- Born: Tarek Omar Abdul Fattah Aggad 1971 (age 54–55) Lebanon
- Education: Harvard University
- Occupations: Chairman, Arab Palestinian Investment Company
- Spouse: Shirine Aggad
- Children: 4
- Father: Omar Aggad

= Tarek Aggad =

Saudi businessman

Tarek Omar Abdul Fattah Aggad (طارق عمر عبد الفتاح عقاد; born 1971) is a Saudi businessman. He is the executive director of the Aggad Investment Company (AICO) and chairman of Arab Palestinian Investment Company, two firms founded by his father, Omar Aggad.

== Biography ==
Aggad was born in Lebanon in 1971, the son of Omar Aggad, and grew up in Riyadh, Saudi Arabia, where he attended local schools. He holds a bachelor's degree in economics from Harvard University, U.S.

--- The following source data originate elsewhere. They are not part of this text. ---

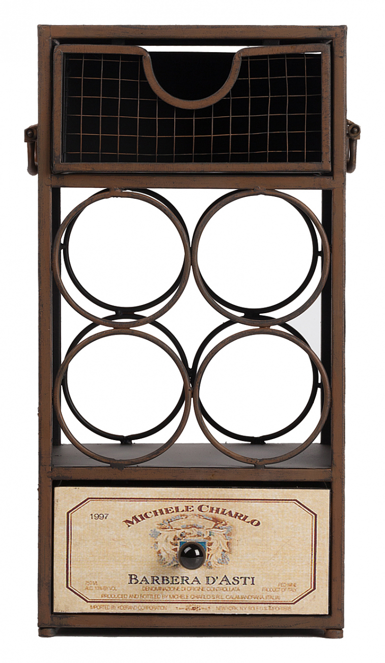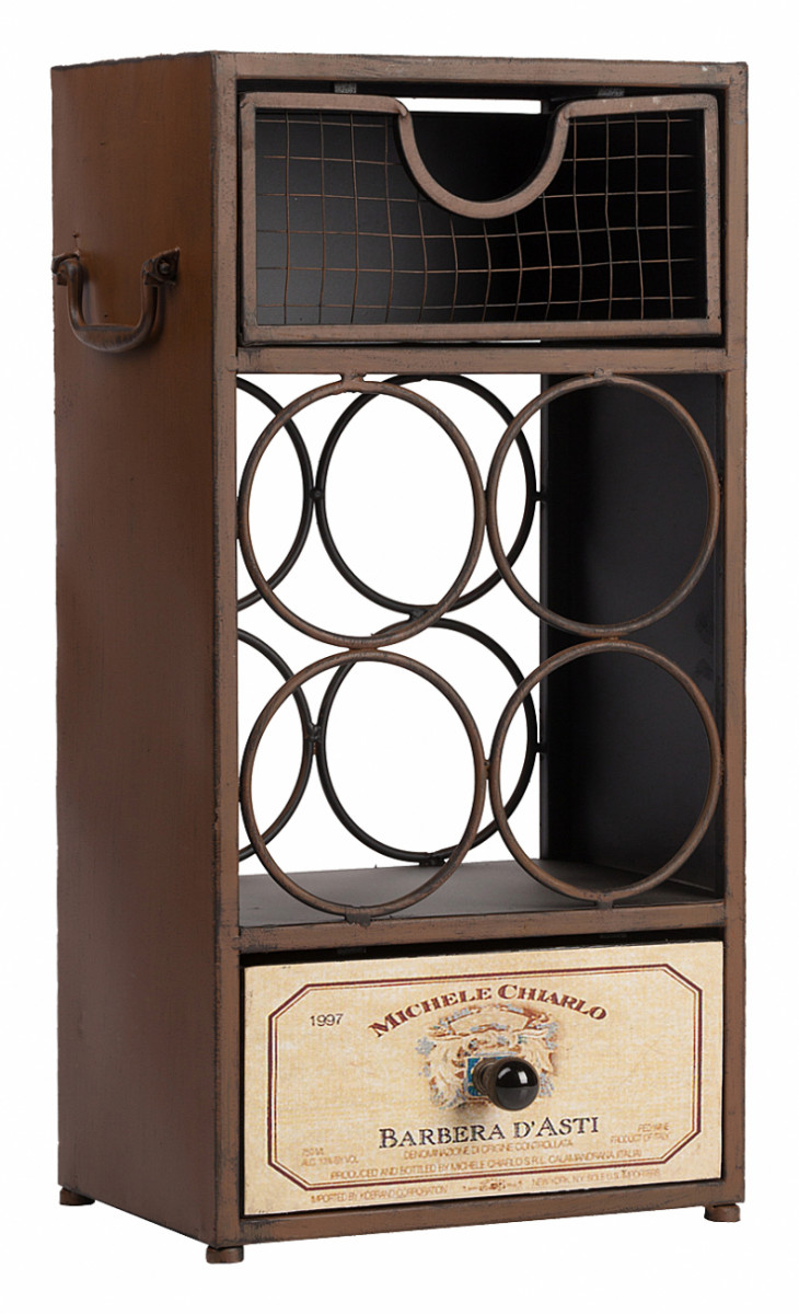 Многофункциональная подставка для вина Bevanda непременно станет главным украшением вашей кухни и привнесет в помещение провинциальную изысканность и французский шарм. Аксессуар можно использовать по назначению — вы сможете аккуратно разместить в нем четыре бутылки вашего любимого вина. Ящички сверху и снизу позволяют хранить необходимые мелкие вещи, например, штопор. Благодаря ручкам по бокам, подставку с легкостью можно перенести в нужное вам место.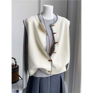 女士文艺纯色开衫马甲2025春秋新款宽松背心圆领牛角木扣针织马夹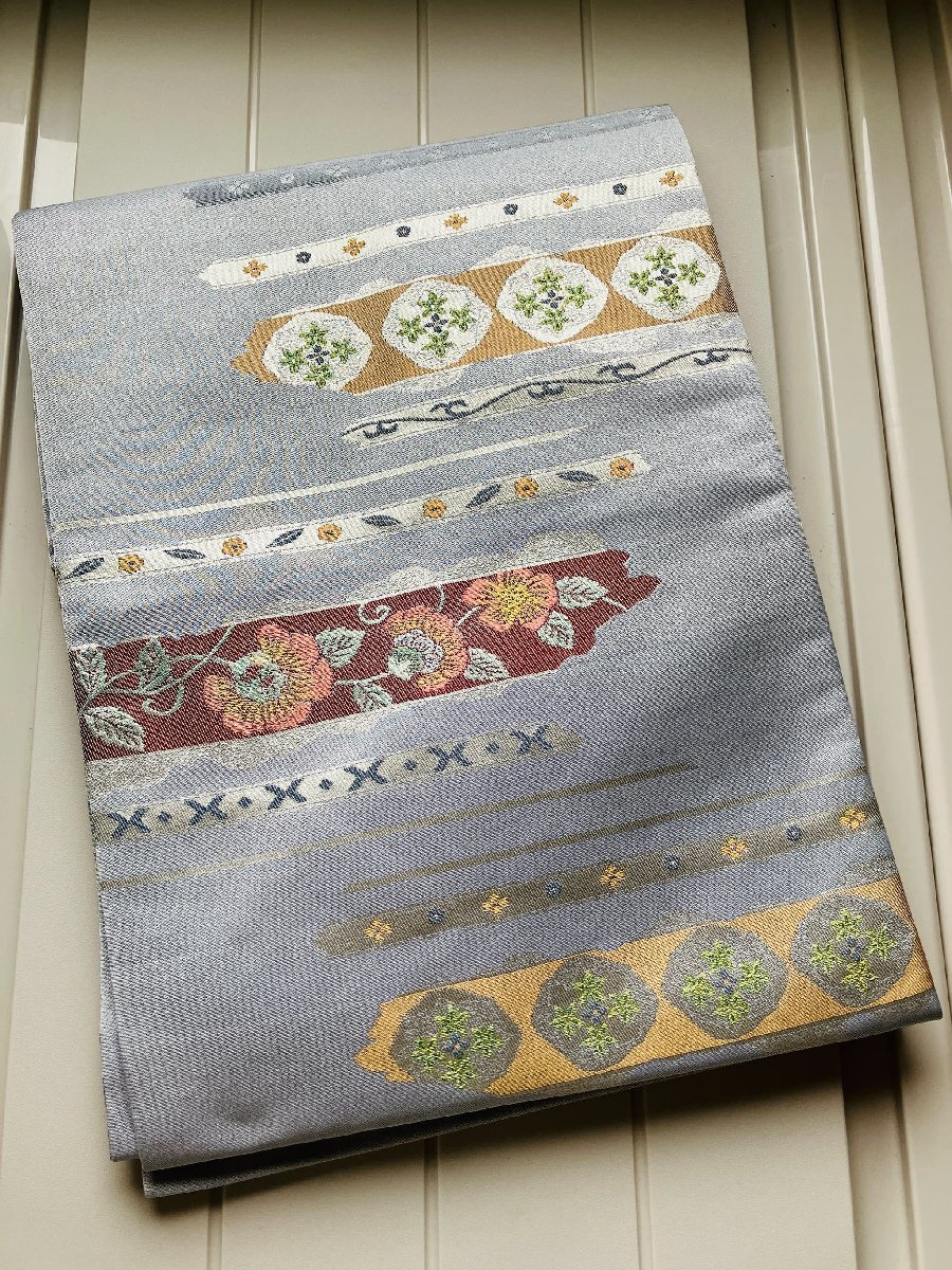 - 名古屋帯 上品な柄 草花文 灰色系 グレー系 正絹 幅約30cm 着物帯 TCS着物 W16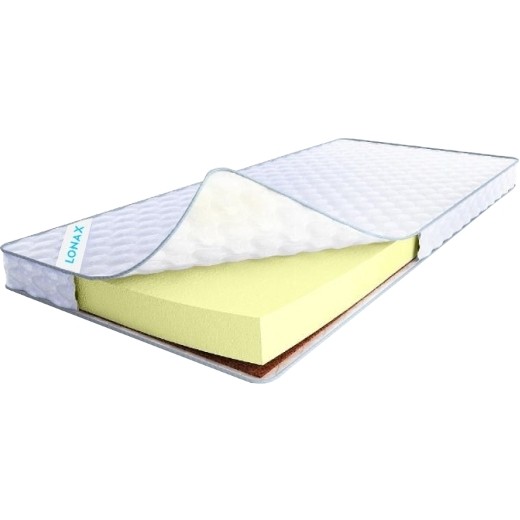 Матрас от компании Lonax, модель Roll Cocos (200x190), Тип беспружинный, Жесткость средняя/высокая и Количество слоев 2 шт, а также Двусторонний +.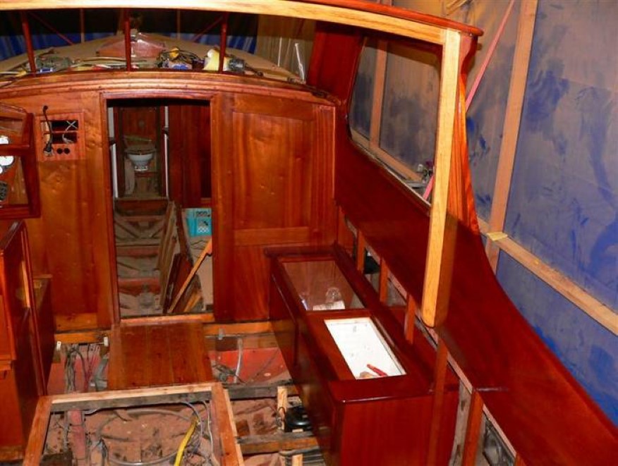 27. februar 2010: Jeg er nu godt i gang med at lakere løsdelene, og har bl. a. fået shinet rattet gevaldigt op. Én ting er sikkert, og det er at det ville blive et meget dyrt rat hvis man skulle betale timeløn for at få det lavet. Jeg tror at der er brugt mindst 30 timer på at rense og slibe - helt hen i vejret, når man kan købe et nyt knagerat for en tusse. Men dette rat hører jo til båden, så derfor skal det bare være sådan - jeg synes nu også at det er blevet ret pænt med kransen i mahogni og egre i ask. Jeg har sænket skruerne og proppet hullerne med lysere mahogni, jeg synes at det er pænere end synlige messingskruer. Oliebehandlingen af løsdelene er stort set overstået, og jeg er i fuld gang med at lakere. Der er ganske mange emner at lakere, så det kommer nok til at tage et par uger.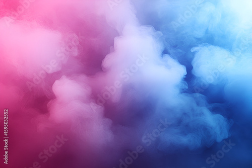 Abstract pink and blue smoke clouds swirl, creating a vibrant, ethereal texture.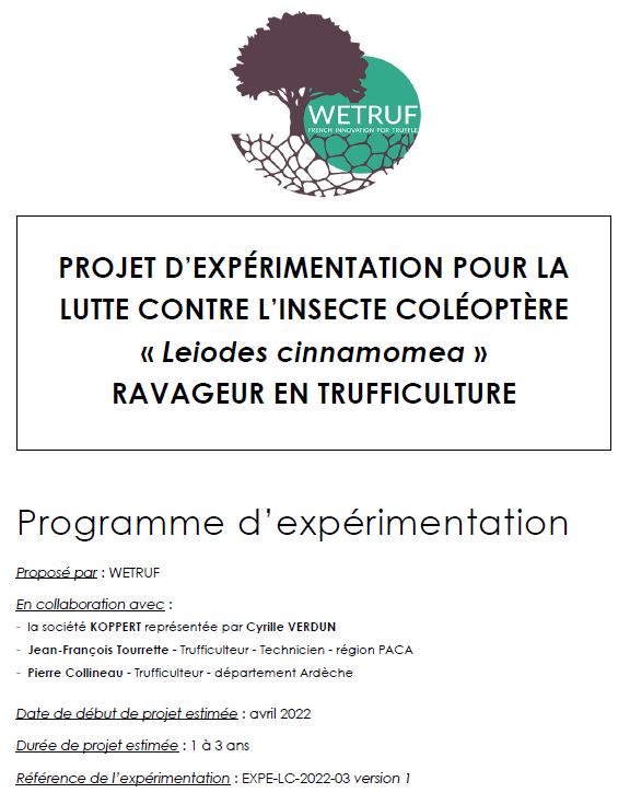 Nouveau projet « Expérimentation de lutte contre les ‘Leiodes cinnamomea’ – protocole WETRUF_KOPPERT ».

Aggad was a director on a number of boards including Aggad Investment Company, Palestine Power Generation Company, Palestine Electric Company, Bank of Palestine, King Hussein Cancer Foundation, King's Academy as well as other companies in Palestine, Jordan, and Saudi Arabia.

In 2019، Aggad was awarded the "Star of Merit" of the Order of the State of Palestine from President Mahmoud Abbas of Palestine.

In 2023, Aggad was awarded an honorary doctorate in humanities from Birzeit University.

==Personal life==
He is married to Shirine Aggad, and they have four children.